## DATA FOR THIS EXERCISE
________________________________________

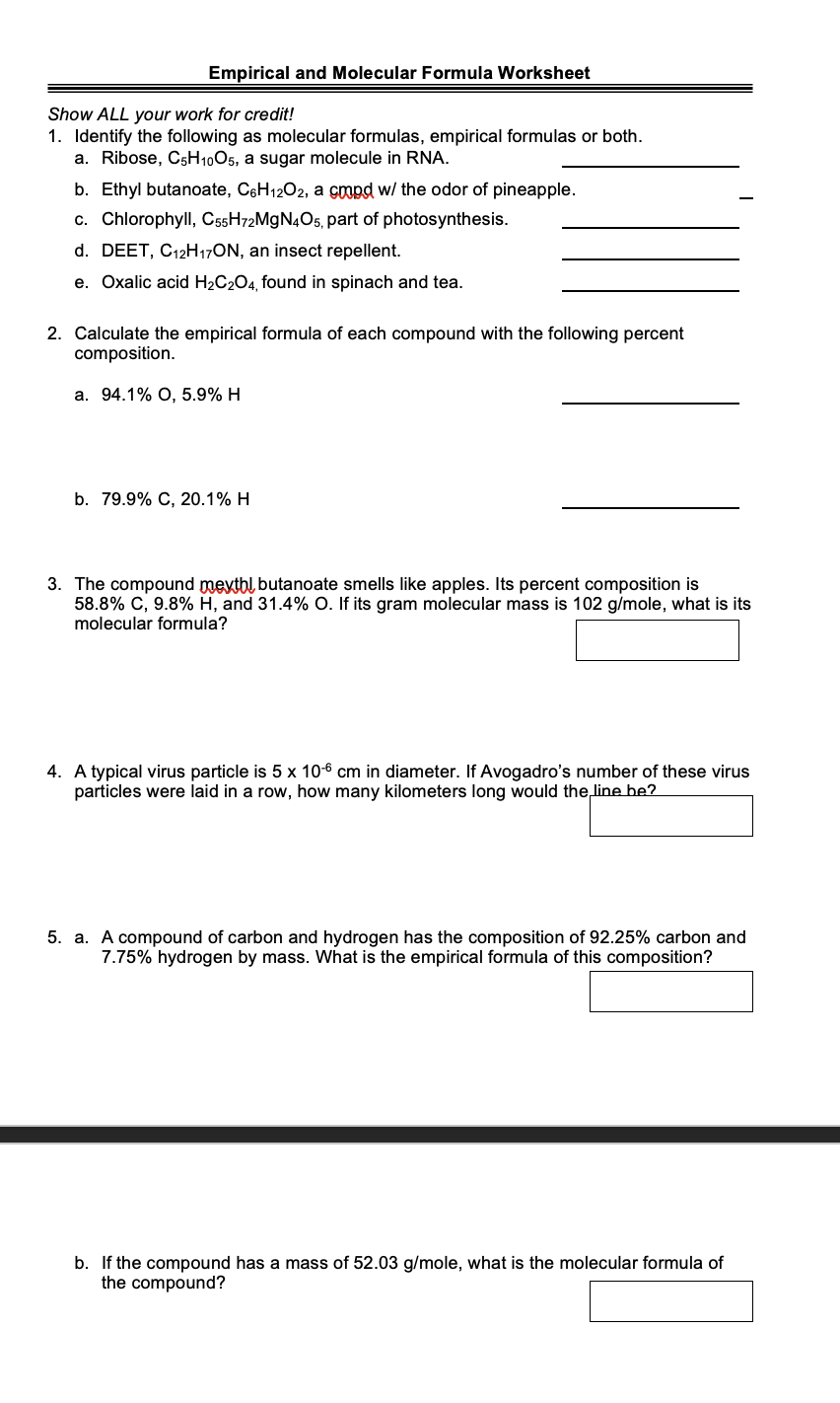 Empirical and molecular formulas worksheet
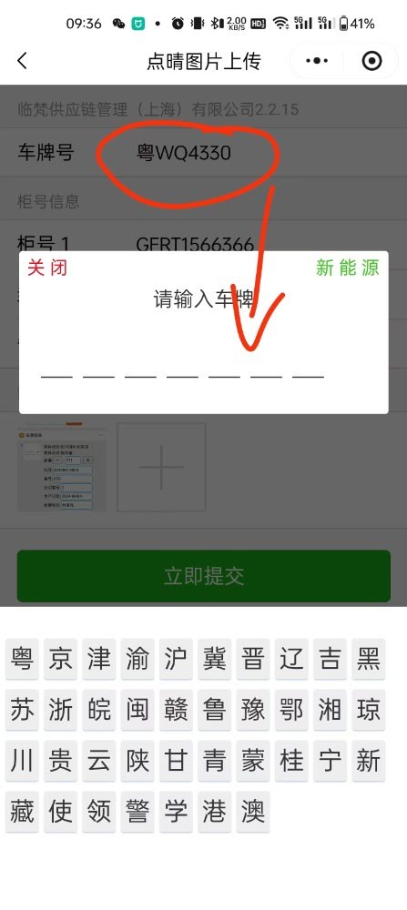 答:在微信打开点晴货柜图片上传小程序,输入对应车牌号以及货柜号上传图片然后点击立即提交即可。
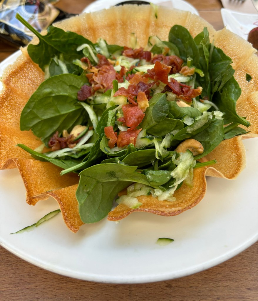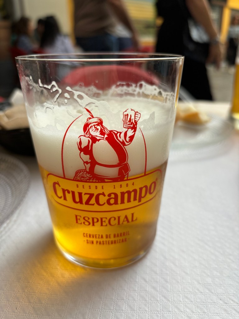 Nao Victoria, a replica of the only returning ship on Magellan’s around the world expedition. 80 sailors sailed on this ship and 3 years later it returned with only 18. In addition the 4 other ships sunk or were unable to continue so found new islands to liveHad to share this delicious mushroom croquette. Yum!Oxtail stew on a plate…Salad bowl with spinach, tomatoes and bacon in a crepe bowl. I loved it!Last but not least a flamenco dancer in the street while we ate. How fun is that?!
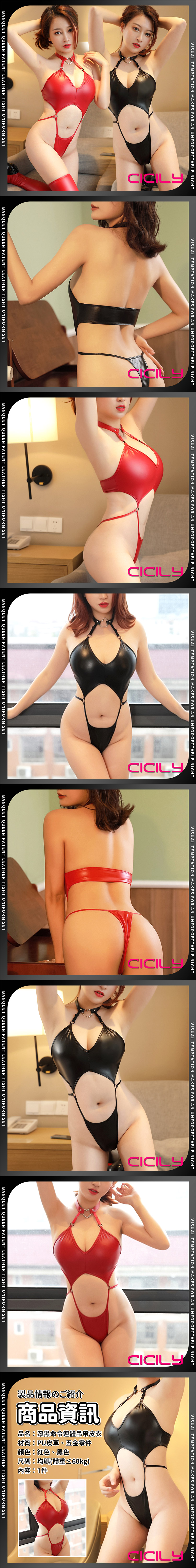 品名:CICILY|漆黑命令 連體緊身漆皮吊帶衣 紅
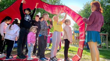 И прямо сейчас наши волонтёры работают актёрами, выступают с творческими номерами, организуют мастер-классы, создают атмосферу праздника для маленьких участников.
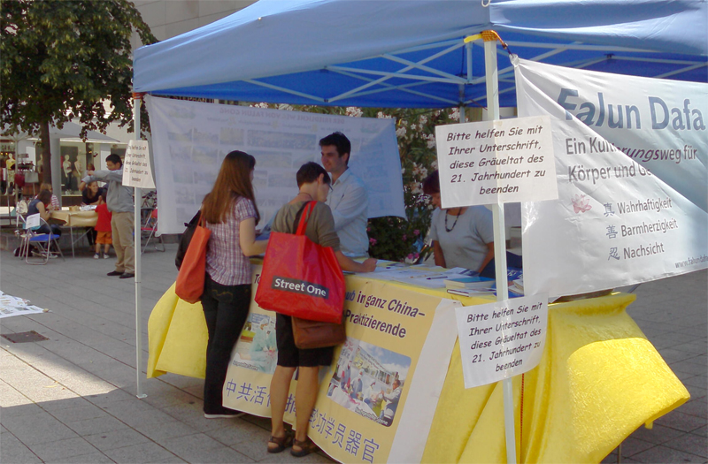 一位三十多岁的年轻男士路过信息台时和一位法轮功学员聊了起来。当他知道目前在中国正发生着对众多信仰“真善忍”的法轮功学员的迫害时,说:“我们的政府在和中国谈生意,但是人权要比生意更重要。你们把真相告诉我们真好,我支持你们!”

________________________________________

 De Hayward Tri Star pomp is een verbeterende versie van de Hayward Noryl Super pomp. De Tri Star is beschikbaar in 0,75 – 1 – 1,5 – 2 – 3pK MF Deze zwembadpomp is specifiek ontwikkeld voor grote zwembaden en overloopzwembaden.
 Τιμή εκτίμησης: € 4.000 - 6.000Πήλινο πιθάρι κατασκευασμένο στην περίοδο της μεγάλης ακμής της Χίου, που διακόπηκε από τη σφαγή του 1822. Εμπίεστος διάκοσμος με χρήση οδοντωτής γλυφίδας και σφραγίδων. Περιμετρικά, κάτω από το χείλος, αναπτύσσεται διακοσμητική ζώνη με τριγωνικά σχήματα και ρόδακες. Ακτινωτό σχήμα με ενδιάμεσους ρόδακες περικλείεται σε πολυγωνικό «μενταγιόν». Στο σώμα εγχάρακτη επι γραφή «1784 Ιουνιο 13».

________________________________________

## THE PROBLEM
When you reach the line with "Nao Victoria, a" in the records above, begin repeating the lines exactly, and stop after the line with "品名:CICILY|漆黑命令 連體緊身漆皮吊帶衣 紅". Skip all pictures.

## TASK RESPONSE
 Nao Victoria, a replica of the only returning ship on Magellan’s around the world expedition. 80 sailors sailed on this ship and 3 years later it returned with only 18. In addition the 4 other ships sunk or were unable to continue so found new islands to liveHad to share this delicious mushroom croquette. Yum!Oxtail stew on a plate…Salad bowl with spinach, tomatoes and bacon in a crepe bowl. I loved it!Last but not least a flamenco dancer in the street while we ate. How fun is that?!
 品名:CICILY|漆黑命令 連體緊身漆皮吊帶衣 紅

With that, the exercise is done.